**Exercise objective:** Below are some records; output all of them exactly as they read.
··· Data records
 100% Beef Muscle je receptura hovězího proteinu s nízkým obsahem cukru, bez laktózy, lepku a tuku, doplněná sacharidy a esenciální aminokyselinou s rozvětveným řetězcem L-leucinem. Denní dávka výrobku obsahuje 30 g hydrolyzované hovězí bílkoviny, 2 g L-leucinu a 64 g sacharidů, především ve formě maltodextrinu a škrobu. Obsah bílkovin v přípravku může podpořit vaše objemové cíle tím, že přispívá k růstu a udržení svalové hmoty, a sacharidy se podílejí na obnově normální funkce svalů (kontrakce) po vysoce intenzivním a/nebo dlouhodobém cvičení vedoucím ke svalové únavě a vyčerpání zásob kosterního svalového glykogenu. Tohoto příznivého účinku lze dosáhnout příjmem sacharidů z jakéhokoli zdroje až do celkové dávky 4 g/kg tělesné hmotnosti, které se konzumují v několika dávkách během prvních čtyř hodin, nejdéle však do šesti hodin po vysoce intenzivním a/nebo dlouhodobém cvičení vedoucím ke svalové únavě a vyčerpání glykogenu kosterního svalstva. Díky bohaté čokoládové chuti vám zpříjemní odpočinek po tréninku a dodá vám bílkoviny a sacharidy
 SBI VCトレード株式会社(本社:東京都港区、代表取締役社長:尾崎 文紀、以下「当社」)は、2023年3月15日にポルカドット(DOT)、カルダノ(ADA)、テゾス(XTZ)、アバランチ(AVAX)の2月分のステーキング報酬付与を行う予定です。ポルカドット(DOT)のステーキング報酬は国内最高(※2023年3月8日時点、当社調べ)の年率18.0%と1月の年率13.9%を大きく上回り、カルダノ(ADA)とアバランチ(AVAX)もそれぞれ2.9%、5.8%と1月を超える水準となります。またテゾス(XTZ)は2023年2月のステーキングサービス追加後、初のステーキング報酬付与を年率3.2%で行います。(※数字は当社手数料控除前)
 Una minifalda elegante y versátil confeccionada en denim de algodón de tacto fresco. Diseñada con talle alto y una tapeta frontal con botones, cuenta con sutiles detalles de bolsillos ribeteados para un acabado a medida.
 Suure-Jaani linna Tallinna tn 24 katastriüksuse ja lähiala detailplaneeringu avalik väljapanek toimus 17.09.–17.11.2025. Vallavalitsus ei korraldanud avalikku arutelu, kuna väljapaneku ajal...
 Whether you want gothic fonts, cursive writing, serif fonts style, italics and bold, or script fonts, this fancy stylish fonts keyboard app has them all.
······
**Exercise solution:**
 100% Beef Muscle je receptura hovězího proteinu s nízkým obsahem cukru, bez laktózy, lepku a tuku, doplněná sacharidy a esenciální aminokyselinou s rozvětveným řetězcem L-leucinem. Denní dávka výrobku obsahuje 30 g hydrolyzované hovězí bílkoviny, 2 g L-leucinu a 64 g sacharidů, především ve formě maltodextrinu a škrobu. Obsah bílkovin v přípravku může podpořit vaše objemové cíle tím, že přispívá k růstu a udržení svalové hmoty, a sacharidy se podílejí na obnově normální funkce svalů (kontrakce) po vysoce intenzivním a/nebo dlouhodobém cvičení vedoucím ke svalové únavě a vyčerpání zásob kosterního svalového glykogenu. Tohoto příznivého účinku lze dosáhnout příjmem sacharidů z jakéhokoli zdroje až do celkové dávky 4 g/kg tělesné hmotnosti, které se konzumují v několika dávkách během prvních čtyř hodin, nejdéle však do šesti hodin po vysoce intenzivním a/nebo dlouhodobém cvičení vedoucím ke svalové únavě a vyčerpání glykogenu kosterního svalstva. Díky bohaté čokoládové chuti vám zpříjemní odpočinek po tréninku a dodá vám bílkoviny a sacharidy
 SBI VCトレード株式会社(本社:東京都港区、代表取締役社長:尾崎 文紀、以下「当社」)は、2023年3月15日にポルカドット(DOT)、カルダノ(ADA)、テゾス(XTZ)、アバランチ(AVAX)の2月分のステーキング報酬付与を行う予定です。ポルカドット(DOT)のステーキング報酬は国内最高(※2023年3月8日時点、当社調べ)の年率18.0%と1月の年率13.9%を大きく上回り、カルダノ(ADA)とアバランチ(AVAX)もそれぞれ2.9%、5.8%と1月を超える水準となります。またテゾス(XTZ)は2023年2月のステーキングサービス追加後、初のステーキング報酬付与を年率3.2%で行います。(※数字は当社手数料控除前)
 Una minifalda elegante y versátil confeccionada en denim de algodón de tacto fresco. Diseñada con talle alto y una tapeta frontal con botones, cuenta con sutiles detalles de bolsillos ribeteados para un acabado a medida.
 Suure-Jaani linna Tallinna tn 24 katastriüksuse ja lähiala detailplaneeringu avalik väljapanek toimus 17.09.–17.11.2025. Vallavalitsus ei korraldanud avalikku arutelu, kuna väljapaneku ajal...
 Whether you want gothic fonts, cursive writing, serif fonts style, italics and bold, or script fonts, this fancy stylish fonts keyboard app has them all.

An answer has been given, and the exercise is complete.